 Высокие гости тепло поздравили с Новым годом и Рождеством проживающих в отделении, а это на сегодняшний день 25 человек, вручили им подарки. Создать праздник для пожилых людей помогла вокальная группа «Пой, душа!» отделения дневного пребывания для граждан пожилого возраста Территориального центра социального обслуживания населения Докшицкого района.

========

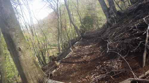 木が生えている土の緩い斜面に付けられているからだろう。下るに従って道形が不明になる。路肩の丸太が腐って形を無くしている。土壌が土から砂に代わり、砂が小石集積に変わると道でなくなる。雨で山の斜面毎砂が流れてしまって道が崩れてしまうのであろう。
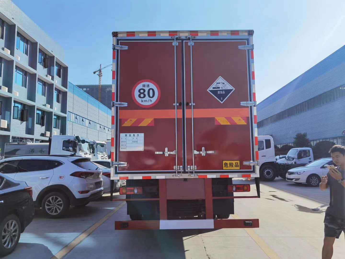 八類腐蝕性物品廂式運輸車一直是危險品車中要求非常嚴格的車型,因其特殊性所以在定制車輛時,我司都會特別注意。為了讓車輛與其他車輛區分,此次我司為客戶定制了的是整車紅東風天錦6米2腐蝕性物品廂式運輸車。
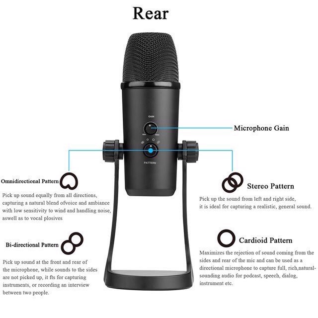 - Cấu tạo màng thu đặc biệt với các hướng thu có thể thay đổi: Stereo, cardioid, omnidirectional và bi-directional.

========

What the task asks: Up in the listing, locate the line with "木が生えている土の緩い斜面に"; print it and every line after it down to the line with "- Cấu tạo màng", which is included too. Skip the pictures.

Solution:
 木が生えている土の緩い斜面に付けられているからだろう。下るに従って道形が不明になる。路肩の丸太が腐って形を無くしている。土壌が土から砂に代わり、砂が小石集積に変わると道でなくなる。雨で山の斜面毎砂が流れてしまって道が崩れてしまうのであろう。
 八類腐蝕性物品廂式運輸車一直是危險品車中要求非常嚴格的車型,因其特殊性所以在定制車輛時,我司都會特別注意。為了讓車輛與其他車輛區分,此次我司為客戶定制了的是整車紅東風天錦6米2腐蝕性物品廂式運輸車。
 - Cấu tạo màng thu đặc biệt với các hướng thu có thể thay đổi: Stereo, cardioid, omnidirectional và bi-directional.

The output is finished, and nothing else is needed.